This directly connects to previous lectures on context hygiene, TokenJuice, system prompts, and agent skills.


9. GPU/kernel-level view

A small from-scratch model helps you map Python code to GPU work.

Common hot paths:

Model operation Kernel-level concern
embedding lookup memory access pattern
linear projection GEMM throughput
attention score matmul sequence-length scaling
softmax numerical stability and memory bandwidth
attention value matmul GEMM plus data layout
MLP up/down projection dense matrix multiply
GELU/ReLU elementwise kernel fusion
layer norm reduction and memory bandwidth
logits projection vocab-size-dependent GEMM

This is why transformer inference optimization focuses on:

  • fused kernels
  • FlashAttention-style attention kernels
  • KV-cache layout
  • quantization
  • batching
  • memory bandwidth
  • tensor parallelism
  • graph capture

The workshop code will not implement all of those.

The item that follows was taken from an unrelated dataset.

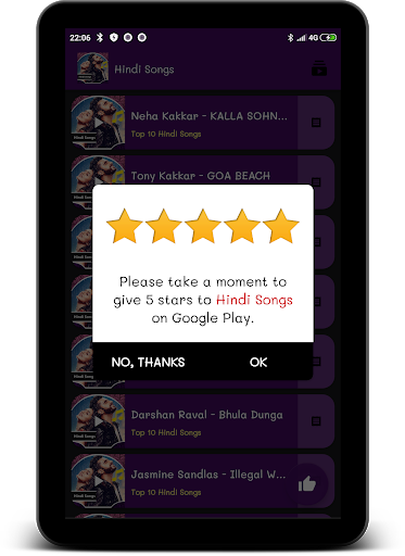 Hindi Songs Lovers, Let us know of what you think about our App in the reviews and what could be improved for your Top 10 Hindi Songs Application and If you like my app, please rate us 5 stars and leave a nice comment, thank you so much Injoy it !
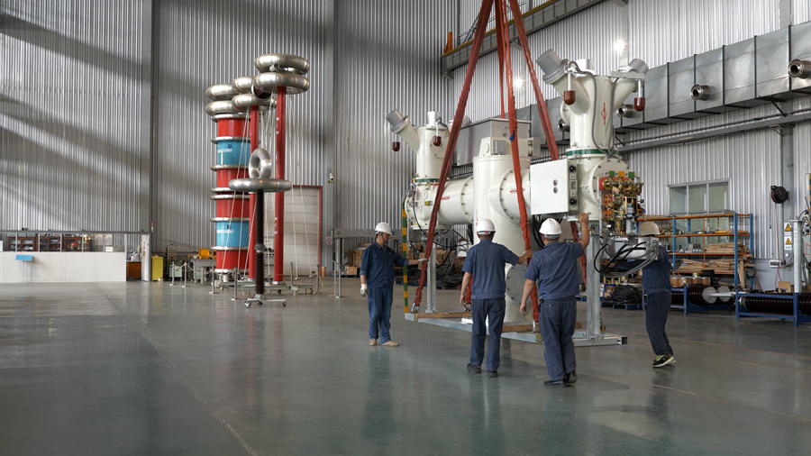 云南开关厂有限责任公司技术人员正在为110KV组合电器做试验(2024年7月摄)。胡精灵 摄

It gives you the mental map needed to understand them.


10. Why small models are still useful

Do not dismiss a 10M parameter GPT as a toy.

It is a microscope.

Small models let you:

  • inspect every tensor shape
  • see loss curves quickly
  • test tokenizer changes
  • understand sampling behavior
  • profile a full training loop locally
  • experiment without cluster cost

What transfers:

  • architecture concepts
  • training loop structure
  • inference loop structure
  • tensor shape reasoning
  • performance intuition

What does not transfer directly:

  • distributed training complexity
  • production tokenizer/data pipelines
  • large-scale optimizer state management
  • serving at high concurrency
  • frontier-model behavior

Use small models to understand mechanisms.

Use large systems to understand scaling.


11. Connection to agent skills and SDLC

From Lecture 29:

skills require evidence

From Lecture 30:

tests and intent are durable assets

For model work, evidence changes shape:

Work item Evidence
tokenizer change vocab size, sample encoding/decoding, sequence length distribution
model change parameter count, tensor shape checks, loss curve
training loop change stable loss, gradient norms, eval loss
generation change sample outputs, temperature/top-k comparison
performance change tokens/sec, memory use, profiler trace

A model-focused skill should not accept "it trains" as enough.

It should ask:

What changed?
What metric moved?
What got slower?
What got less stable?
What evidence proves the behavior?

12. Mini-lab: trace one token through the model

Use the reference repo or your own minimal GPT code.

Trace:

input character
  -> token id
  -> embedding vector
  -> attention block
  -> logits
  -> sampled next token

Record:

  • token ID
  • tensor shapes at each stage
  • parameter count
  • sequence length
  • one generated sample
  • training/eval loss after a short run

Then answer:

Which operation is most expensive?
Which tensor grows with context length?
Where would KV cache matter?
Where would quantization help?

13. Design exercise: from scratch to serving

Take the workshop model and imagine serving it behind an agent runtime.

Design:

HTTP/WebSocket API
request format
streaming token output
batching strategy
KV-cache ownership
context limit
tool-call interruption model
metrics
failure modes

Then compare:

training script
  vs
serving runtime
  vs
agent harness

This separation is the central architecture lesson.

The training script creates weights.

The serving runtime turns weights into tokens.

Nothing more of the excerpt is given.